- Show that the infinite series Sum(n=1, infinity, 1/n^(1+t*i)) diverges for all t, not just for t=0 which is the harmonic series. It seems that the curvature induced by the imaginary part might be able to nudge the slow growth to infinity of the harmonic series back down to finiteness; however, this is almost certainly incorrect. Despite the series presumably diverging, zeta(1+t*i) can be computed by analytic continuation.
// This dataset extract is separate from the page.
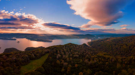 Beautiful panorama of Lake Solina at sunset. Bieszczady, Poland. Aerial view, view from the drone

- Riemann's reflection functional equation for zeta allows calculating zeta(1-s) given the value of zeta(s). The defining series converges for Re(s)>1, so from that, we can also calculate zeta for Re(s)<0. The only region we can't calculate is 0<=Re(s)<=1. But that is the critical strip! That's where all the interesting stuff happens! That's where the million dollars lies! (Obviously there are other formulae to calculate zeta within the critical strip.)
Although the series converges for all Re(s)>1, it converges quite slowly near 1. This is not too surprising, since it diverges quite slowly at 1.
? s=1.01
? zeta(s)
100.58
? sum(n=1,1000000,n^(-s))
time = 7,485 ms.
13.48- Something I would like to see (this probably exists in a textbook or maybe Riemann's original paper): Here is a expression for zeta which can be used to compute its value for the entire complex plane, and proofs of analyticity of the expression and that it coincides with the p-series for Re(s)>1. If the expression is defined piecewise, then we need to show the function remains analytic across the piece boundaries.
- The transformation (1-2^(1-s))*zeta(s)=DirichletEta(s) (from Mathworld) (also this YouTube video) does provide an expression which converges for Re(s)>0, thanks to the alternating series. The rest of the complex plane can be gotten by using the reflection functional equation. The critical strip can be evaluated both directly through eta and through applying the reflection equation. This probably explains why zeroes in the critical strip are symmetric around Re(s)=1/2.
- Getting zeta(0) using the method above does not straightforwardly work. Although eta(1)=log 2, one runs into madness like zeta(1) being undefined, log 2=0*zeta(1), and the gamma function being undefined at zero.
- The gamma function is also undefined at negative even integers, but I don't think that matters for any other place we would like to use the reflection equation.